» **Directions**
Leave the pictures out. Retype exactly the lines below from the one containing "英超新赛季的揭幕战,历来都是" through the one containing "شیر کنترل جهت", and no others.

» **Source records**
»»

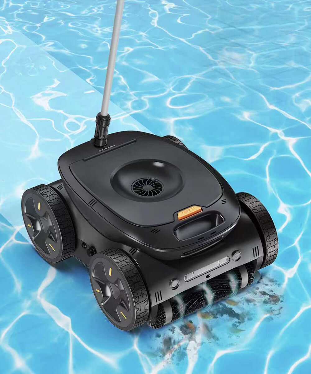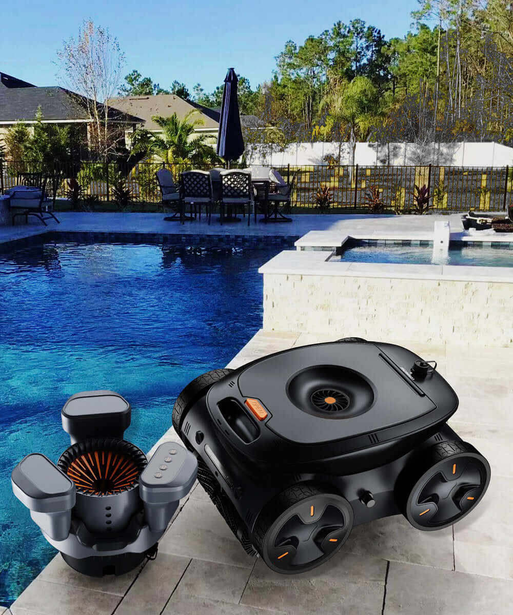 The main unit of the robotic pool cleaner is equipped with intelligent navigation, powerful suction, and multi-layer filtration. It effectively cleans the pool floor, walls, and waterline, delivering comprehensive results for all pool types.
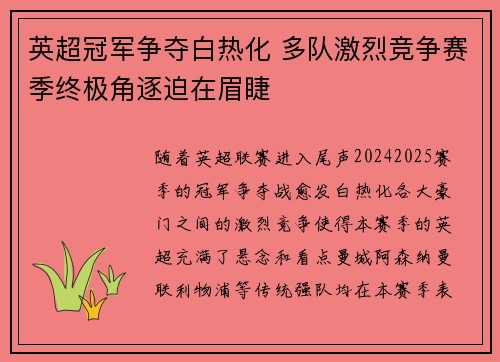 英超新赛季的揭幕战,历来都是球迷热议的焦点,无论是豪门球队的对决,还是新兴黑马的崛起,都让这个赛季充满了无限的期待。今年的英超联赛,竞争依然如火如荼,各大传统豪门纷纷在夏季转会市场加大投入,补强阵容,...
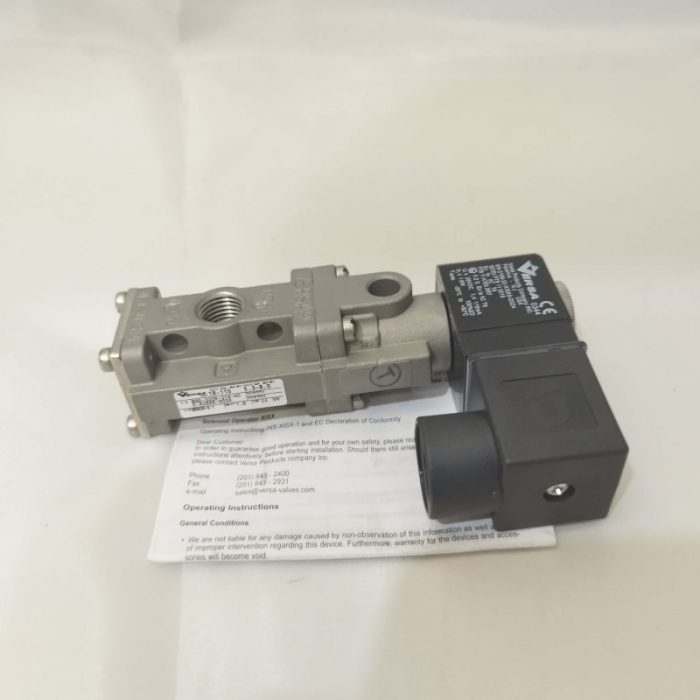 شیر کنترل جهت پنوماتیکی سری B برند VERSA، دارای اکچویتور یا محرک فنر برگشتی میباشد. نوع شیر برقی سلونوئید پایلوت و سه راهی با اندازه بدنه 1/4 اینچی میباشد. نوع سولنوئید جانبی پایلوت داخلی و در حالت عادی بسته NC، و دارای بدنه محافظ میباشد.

««
»»

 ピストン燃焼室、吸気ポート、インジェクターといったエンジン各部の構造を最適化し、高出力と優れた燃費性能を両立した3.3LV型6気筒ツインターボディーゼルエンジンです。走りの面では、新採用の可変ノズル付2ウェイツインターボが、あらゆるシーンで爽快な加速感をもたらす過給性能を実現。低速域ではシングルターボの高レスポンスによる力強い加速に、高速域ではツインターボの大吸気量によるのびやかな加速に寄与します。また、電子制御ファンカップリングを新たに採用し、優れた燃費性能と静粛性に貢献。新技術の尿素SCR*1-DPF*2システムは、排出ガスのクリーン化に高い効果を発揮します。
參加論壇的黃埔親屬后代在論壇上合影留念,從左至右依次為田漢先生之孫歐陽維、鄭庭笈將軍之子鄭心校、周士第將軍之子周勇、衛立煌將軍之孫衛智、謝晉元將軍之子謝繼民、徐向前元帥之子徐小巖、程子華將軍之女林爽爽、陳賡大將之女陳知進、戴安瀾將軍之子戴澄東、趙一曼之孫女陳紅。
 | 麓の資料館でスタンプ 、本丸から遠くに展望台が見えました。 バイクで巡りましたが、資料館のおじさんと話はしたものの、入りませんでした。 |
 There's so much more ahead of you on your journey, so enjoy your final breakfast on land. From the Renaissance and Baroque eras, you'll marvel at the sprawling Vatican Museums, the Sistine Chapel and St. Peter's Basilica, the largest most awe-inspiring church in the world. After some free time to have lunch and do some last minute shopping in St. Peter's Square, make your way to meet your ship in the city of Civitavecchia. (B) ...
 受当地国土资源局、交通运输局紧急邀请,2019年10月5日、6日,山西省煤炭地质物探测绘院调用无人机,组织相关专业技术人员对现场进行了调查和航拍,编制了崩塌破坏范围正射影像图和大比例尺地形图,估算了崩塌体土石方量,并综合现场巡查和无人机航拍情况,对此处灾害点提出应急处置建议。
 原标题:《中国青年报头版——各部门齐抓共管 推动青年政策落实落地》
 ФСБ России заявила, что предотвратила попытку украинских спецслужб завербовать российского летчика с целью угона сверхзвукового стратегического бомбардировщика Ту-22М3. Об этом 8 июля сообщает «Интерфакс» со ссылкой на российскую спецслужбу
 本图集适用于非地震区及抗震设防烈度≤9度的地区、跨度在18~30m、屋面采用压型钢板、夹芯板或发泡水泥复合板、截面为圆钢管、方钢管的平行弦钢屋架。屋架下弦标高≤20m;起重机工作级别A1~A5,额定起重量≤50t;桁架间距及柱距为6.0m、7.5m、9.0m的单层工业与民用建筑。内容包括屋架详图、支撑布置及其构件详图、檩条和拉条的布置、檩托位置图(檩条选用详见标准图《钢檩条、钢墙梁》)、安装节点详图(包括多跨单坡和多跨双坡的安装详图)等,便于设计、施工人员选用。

««
»»

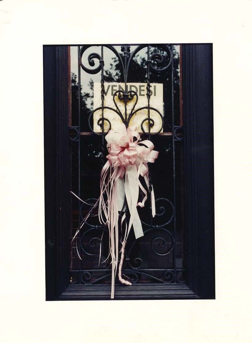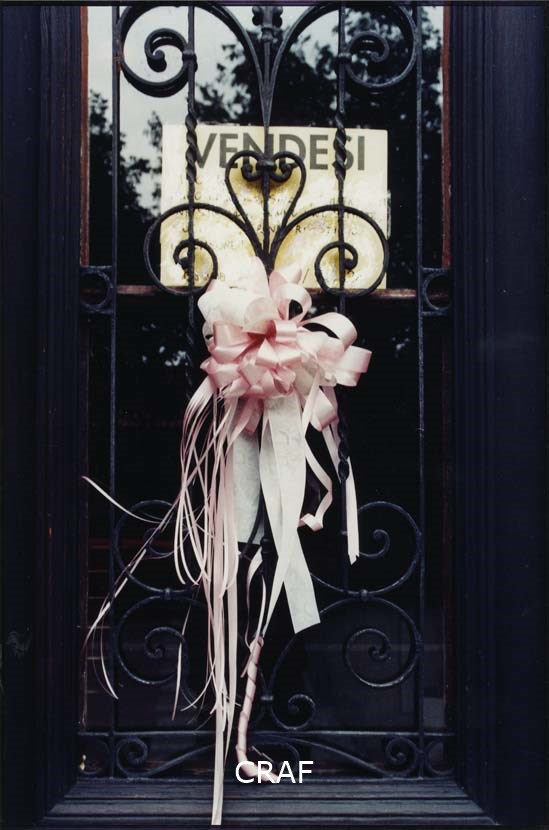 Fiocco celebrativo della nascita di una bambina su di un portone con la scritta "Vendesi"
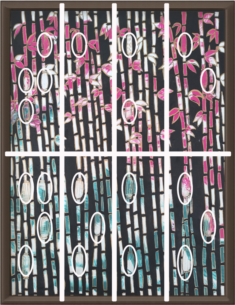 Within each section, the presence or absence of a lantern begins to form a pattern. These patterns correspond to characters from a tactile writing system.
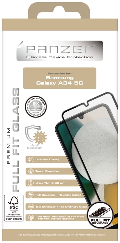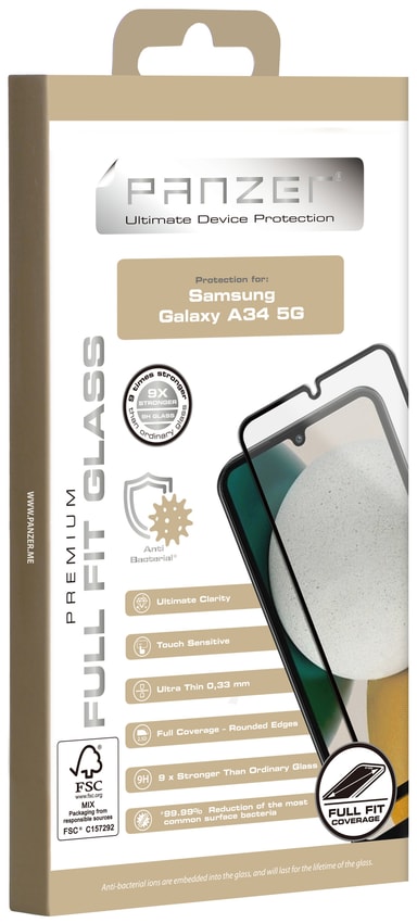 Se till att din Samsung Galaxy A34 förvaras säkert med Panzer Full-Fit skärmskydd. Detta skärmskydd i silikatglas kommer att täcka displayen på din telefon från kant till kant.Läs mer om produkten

««

» **Written answer**
 英超新赛季的揭幕战,历来都是球迷热议的焦点,无论是豪门球队的对决,还是新兴黑马的崛起,都让这个赛季充满了无限的期待。今年的英超联赛,竞争依然如火如荼,各大传统豪门纷纷在夏季转会市场加大投入,补强阵容,...
 شیر کنترل جهت پنوماتیکی سری B برند VERSA، دارای اکچویتور یا محرک فنر برگشتی میباشد. نوع شیر برقی سلونوئید پایلوت و سه راهی با اندازه بدنه 1/4 اینچی میباشد. نوع سولنوئید جانبی پایلوت داخلی و در حالت عادی بسته NC، و دارای بدنه محافظ میباشد.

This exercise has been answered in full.